Relocating Simulation Data and Updating the Cache

This section of the documentation describes how you can update the Halotools cache log in the event that you move an already-cached halo catalog to a new location on disk. The Instructions for relocating simulation data section tells you what to do, and the Explanation of the underlying source code section explains what is going on under the hood.

Instructions for relocating simulation data

The normal way to load a CachedHaloCatalog is to pass a set of metadata to the constructor:

>>> halocat = CachedHaloCatalog(simname = simname, halo_finder = halo_finder, version_name = version_name, redshift = redshift) # doctest: +SKIP

However, if you have moved your halo catalog, then the cache log no longer points to the correct path. To load the relocated halo catalog and simultaneously update the cache log, just pass the absolute path of the relocated hdf5 file to the CachedHaloCatalog, and set update_cached_fname to True:

>>> halocat = CachedHaloCatalog(fname = abs_path_to_hdf5_file, update_cached_fname = True) # doctest: +SKIP

For reasons described in Explanation of the underlying source code, this will only work with previously-cached halo catalogs that have been relocated.

Explanation of the underlying source code

All hdf5 files storing cached simulation data have metadata bound to them that helps protect against bookkeeping-related bugs. The h5py package manages all metadata with the following dictionary-like sytnax:

>>> import h5py # doctest: +SKIP
>>> fileobj = h5py.File(fname) # doctest: +SKIP
>>> list_of_metadata_keys = fileobj.attrs.keys() # doctest: +SKIP
>>> metadata_value = fileobj.attrs[metadata_key] # doctest: +SKIP

The hdf5 file of all cached halo catalogs have a fname metadata key. At the time each catalog is cached, the fname metadata of the hdf5 file is in agreement with the corresponding row and column of the Halotools cache log, which is stored as ASCII data in the following location:

$HOME/.astropy/cache/halotools/halo_table_cache_log.txt

The path in the fname column of the cache log ASCII file is the location where HaloTableCache class will go looking for the catalog. Whenever you load an instance of the CachedHaloCatalog class by passing it metadata such as a simname, what happens is that the HaloTableCache searches halo_table_cache_log.txt for a row with matching metadata. The fname column in the matching row is then treated as the absolute path to the hdf5 file where the halo data is stored. The CachedHaloCatalog class then inspects the hdf5 file stored in that location, and if the fname metadata key of that file does not match the actual fname, the HaloTableCache class raises an exception. Halotools intentionally makes it difficult to move simulation data around willy-nilly, as this is a common cause of buggy behavior in simulation analysis.

There are nonetheless perfectly good reasons to relocate simulation data to new disk locations, and as described in the Instructions for relocating simulation data, this can be accomplished with the fname keyword argument of the CachedHaloCatalog class.
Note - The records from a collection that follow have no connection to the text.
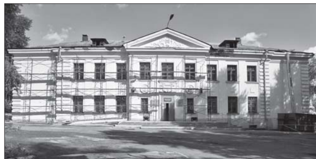
Школа № 15 в строительных лесах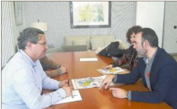
La reunión tuvo lugar en Valencia el 16 de febrero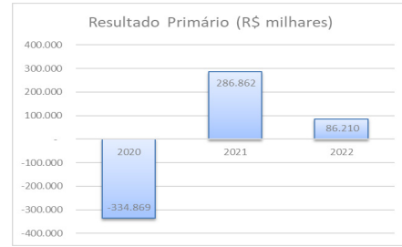
Gráfico 1 – Variação do Resultado Primário entre 2020 até 2022.

A respeito da evolução do resultado primário, nota-se que este passou, em 2020, de um déficit primário de R$ 334 milhões, motivado pelos impactos econômicos da pandemia, para superávits de R$ 286 milhões em 2021, com a retomada das atividades econômicas e de R$ 86 milhões no fim do exercício de 2022.

When you use the fname keyword argument with update_cached_fname set to True, this triggers the following sequence of events:

  1. The h5py package is used to over-write the fname metadata of the hdf5 file.
  2. The HaloTableCache class deletes the appropriate row of halo_table_cache_log.txt and adds a new row with the new fname.

From now on you can go back to loading this halo catalog into memory by passing in metadata to the CachedHaloCatalog class constructor.